On-shell Condition for physical particles in QFT Last year Prof. Ashoke Sen proved Soft Theorems for gravitons for generic theories of gravity. The papers are exceptionally well-written and I think I understand most of it (partly due to the lecture series available online by himself) but there's a trivial thing that I'm stuck on. He says that the on-shell condition for a particle with polarisation $\epsilon_i(p_i)$ is $\epsilon^T.K = 0$. Here $K$ is the kinetic energy operator (or the 2 point coupling matrix). I understand that I must be missing something trivial I just can't figure out what. I appreciate all the help I can get.
 A: This is merely a long comment.
Let's begin with a simpler question: why does a spin-1 boson of mass $m>0$ satisfy $k^\mu\epsilon_\mu^{(a)}=0$ for polarization vectors $\epsilon_\mu^{(a)}$? By Lorentz invariance we need only check the condition in the rest frame, which simplifies the condition to $m \epsilon_0^{(a)}=0$; and since $V_0=0$ has a vector space of solutions, each $\epsilon_\mu^{(a)}$ is easily obtained in this reference frame, viz. $\epsilon_\mu^{(a)}=\delta_\mu^a$. Since we're working in the particle's rest frame, the constraints $k\cdot\epsilon^{(a)}=0$ still leave us with the spin degrees of freedom.

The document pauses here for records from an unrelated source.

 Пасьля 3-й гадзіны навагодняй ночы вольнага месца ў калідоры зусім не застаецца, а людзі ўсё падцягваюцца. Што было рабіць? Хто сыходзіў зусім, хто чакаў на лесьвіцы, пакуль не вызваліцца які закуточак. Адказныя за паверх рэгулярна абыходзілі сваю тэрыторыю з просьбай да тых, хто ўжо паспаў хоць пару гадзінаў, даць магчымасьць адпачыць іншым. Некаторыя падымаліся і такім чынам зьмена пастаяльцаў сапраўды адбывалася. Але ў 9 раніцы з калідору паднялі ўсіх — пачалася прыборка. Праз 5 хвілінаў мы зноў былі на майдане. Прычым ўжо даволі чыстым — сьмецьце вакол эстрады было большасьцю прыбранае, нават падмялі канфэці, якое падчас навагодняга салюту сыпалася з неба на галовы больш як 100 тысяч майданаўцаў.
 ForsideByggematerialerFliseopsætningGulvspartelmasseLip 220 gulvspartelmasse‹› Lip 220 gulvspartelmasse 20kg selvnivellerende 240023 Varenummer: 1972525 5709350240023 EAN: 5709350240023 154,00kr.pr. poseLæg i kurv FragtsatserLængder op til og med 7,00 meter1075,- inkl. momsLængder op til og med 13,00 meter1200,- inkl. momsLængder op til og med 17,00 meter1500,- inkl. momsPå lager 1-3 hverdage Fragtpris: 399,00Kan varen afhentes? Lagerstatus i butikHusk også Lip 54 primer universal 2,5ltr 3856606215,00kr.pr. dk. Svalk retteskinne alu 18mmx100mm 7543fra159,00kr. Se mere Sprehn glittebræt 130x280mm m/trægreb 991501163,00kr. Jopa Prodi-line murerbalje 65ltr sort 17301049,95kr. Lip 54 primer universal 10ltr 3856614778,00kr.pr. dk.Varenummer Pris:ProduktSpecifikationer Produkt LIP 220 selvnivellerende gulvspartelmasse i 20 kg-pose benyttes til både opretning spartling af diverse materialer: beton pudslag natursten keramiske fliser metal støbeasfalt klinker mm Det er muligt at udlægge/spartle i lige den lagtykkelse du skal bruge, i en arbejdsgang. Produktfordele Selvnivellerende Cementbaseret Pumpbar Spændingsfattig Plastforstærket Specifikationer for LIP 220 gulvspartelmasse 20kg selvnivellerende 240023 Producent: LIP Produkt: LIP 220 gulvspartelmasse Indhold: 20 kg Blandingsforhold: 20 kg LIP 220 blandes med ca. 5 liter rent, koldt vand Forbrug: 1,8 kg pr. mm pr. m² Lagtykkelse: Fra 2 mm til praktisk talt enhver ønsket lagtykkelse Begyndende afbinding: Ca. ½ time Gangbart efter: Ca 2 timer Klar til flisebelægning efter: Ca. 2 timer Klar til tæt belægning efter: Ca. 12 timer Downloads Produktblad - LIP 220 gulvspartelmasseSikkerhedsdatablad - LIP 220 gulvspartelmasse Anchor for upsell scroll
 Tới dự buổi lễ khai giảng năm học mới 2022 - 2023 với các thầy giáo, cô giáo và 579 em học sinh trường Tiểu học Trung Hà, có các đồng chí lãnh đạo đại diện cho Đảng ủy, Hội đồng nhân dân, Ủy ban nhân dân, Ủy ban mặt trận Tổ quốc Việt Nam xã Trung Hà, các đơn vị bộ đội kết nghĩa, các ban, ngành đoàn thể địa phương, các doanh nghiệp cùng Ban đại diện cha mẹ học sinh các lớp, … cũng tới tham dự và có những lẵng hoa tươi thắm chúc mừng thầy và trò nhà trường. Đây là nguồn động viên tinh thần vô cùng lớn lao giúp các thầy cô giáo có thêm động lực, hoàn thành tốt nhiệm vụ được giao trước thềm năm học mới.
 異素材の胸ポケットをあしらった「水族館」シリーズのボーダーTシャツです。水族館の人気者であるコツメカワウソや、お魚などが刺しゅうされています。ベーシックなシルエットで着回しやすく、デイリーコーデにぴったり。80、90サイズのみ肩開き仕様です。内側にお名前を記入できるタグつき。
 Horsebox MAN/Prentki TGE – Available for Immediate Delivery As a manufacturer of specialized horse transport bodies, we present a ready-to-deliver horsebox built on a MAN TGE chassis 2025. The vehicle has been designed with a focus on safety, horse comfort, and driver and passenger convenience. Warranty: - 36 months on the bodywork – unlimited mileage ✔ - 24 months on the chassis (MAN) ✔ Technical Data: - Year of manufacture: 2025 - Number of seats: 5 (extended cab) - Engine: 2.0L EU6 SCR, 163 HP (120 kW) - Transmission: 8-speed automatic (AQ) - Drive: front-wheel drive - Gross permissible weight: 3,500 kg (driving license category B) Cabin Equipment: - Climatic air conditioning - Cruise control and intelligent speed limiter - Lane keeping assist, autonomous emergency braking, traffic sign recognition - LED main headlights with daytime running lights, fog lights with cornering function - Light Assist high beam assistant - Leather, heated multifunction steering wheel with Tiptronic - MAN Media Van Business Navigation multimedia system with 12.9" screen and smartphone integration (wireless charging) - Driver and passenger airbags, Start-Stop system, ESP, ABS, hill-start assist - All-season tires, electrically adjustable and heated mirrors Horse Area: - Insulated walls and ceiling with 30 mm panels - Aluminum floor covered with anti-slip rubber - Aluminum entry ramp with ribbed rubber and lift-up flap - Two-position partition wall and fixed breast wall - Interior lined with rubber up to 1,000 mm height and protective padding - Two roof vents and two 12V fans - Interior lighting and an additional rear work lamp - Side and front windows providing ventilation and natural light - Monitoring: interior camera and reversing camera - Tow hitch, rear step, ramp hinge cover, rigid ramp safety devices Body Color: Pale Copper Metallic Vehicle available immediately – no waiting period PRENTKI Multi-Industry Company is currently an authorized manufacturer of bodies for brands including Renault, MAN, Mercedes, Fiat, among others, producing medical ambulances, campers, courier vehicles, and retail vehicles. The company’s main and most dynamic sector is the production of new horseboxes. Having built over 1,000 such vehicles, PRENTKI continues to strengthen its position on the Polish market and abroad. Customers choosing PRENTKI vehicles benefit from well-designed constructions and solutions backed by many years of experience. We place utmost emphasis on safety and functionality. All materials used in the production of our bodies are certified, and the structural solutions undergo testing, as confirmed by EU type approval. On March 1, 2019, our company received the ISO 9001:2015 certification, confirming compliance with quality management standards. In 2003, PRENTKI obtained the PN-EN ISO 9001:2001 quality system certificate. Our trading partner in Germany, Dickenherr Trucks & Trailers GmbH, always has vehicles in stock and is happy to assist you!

The basic idea above admits a number of generalisations. Sec. I.5 of Zee's Quantum Field Theory in a Nutshell discusses the above argument, and does a similar degrees-of-freedom count for a massive spin-2 boson, viz. $k^\mu\epsilon_{\mu\nu}^{(a)}=0$. In this case, the extension from the rest frame to other reference frames uses Lorentz covariance (or is it contravariance?) instead of Lorentz invariance. Sen has added a spacetime index to the kinetic factor rather than the polarization tensor, but the principle remains the same.

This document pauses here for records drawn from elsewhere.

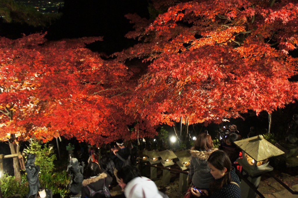 紅葉真っ盛りの大山寺に出かけました。ライトアップされた紅葉は「これぞ見事」というしかないほど、燃えるような赤が印象的でした。とはいうものの、たどり着くのは大変でした。夕暮れに合わせて大山ケーブルで阿夫利神社まで行き、参道を下って大山寺に向かったのですが、電灯はあるもののかなりの暗さ。懐中電灯を照らしながらの急坂下り。沢山の人が歩いており、片方は崖でかなり冷や冷やもの。途中、渋滞さえ起きてました。大山寺に着くと境内とは言えないほど狭い門前はライトアップ見物客でごった返してました。おまけに寒いのなんの。美しい紅葉には見とれますが、寒さと人の多さには・・・などと文句を言ってますが、ホントにきれいでした。
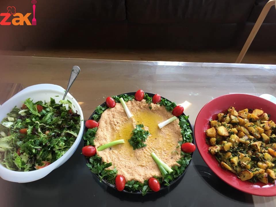 الزهرة (أو القرنبيط) سلقتهم نص سلقة وصفيتهم وحطيتهم على صنية فرن وحطيت فوقهم معلقةزيت ورشة ملح وشويتهم وبعدين حطيتهن في الخلاط وحطيت معهم ملح وعصير ليمون ولبن وطحينة وحصين توم وزيت زيتون وطحنتهم.
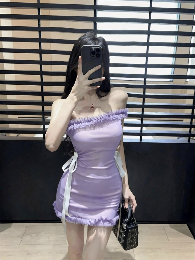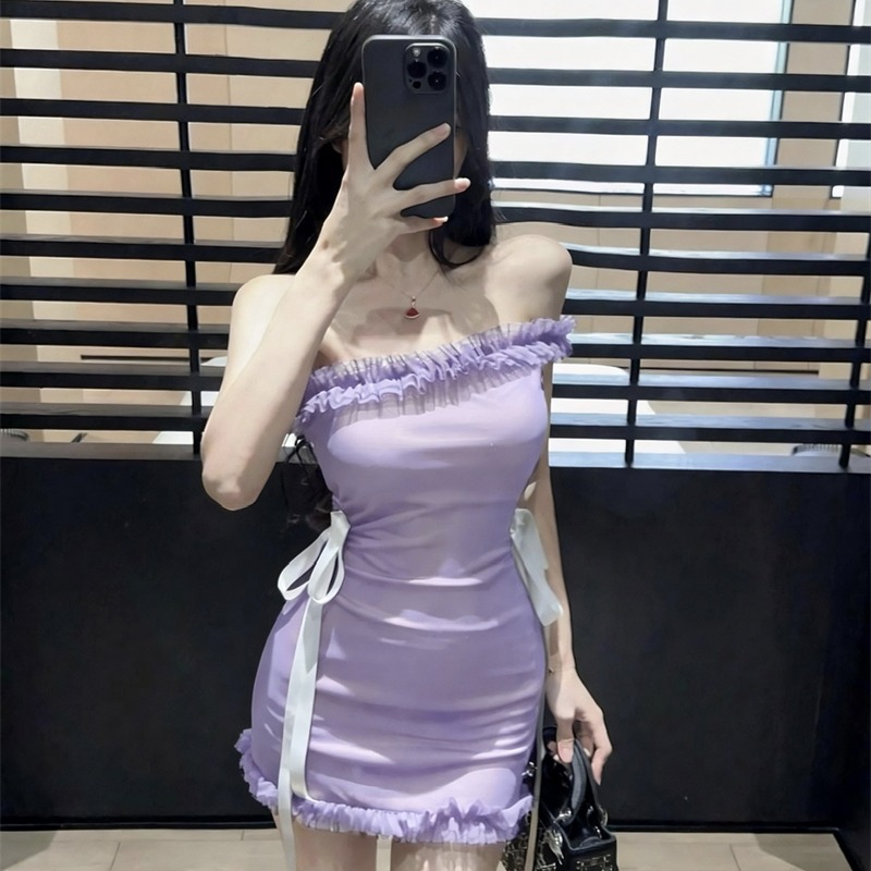 실사 낮은 가슴 오프숄더 슬립 타이트 스커트 쇼트 스타일 망사 패치워크 배색 드레스 복장

And in each case, the extension to massless particles follows from continuing the massive physics to the massless case, roughly speaking. There is an important discontinuity in the analysis, though it doesn't ruin any of the equations so far. Since $\epsilon_\mu\to\epsilon_\mu+\lambda(k) k_\mu$ preserves the constraint if $k^2=0$, a massless particle has one fewer degree of freedom. See also Sec. 4.4.1 here.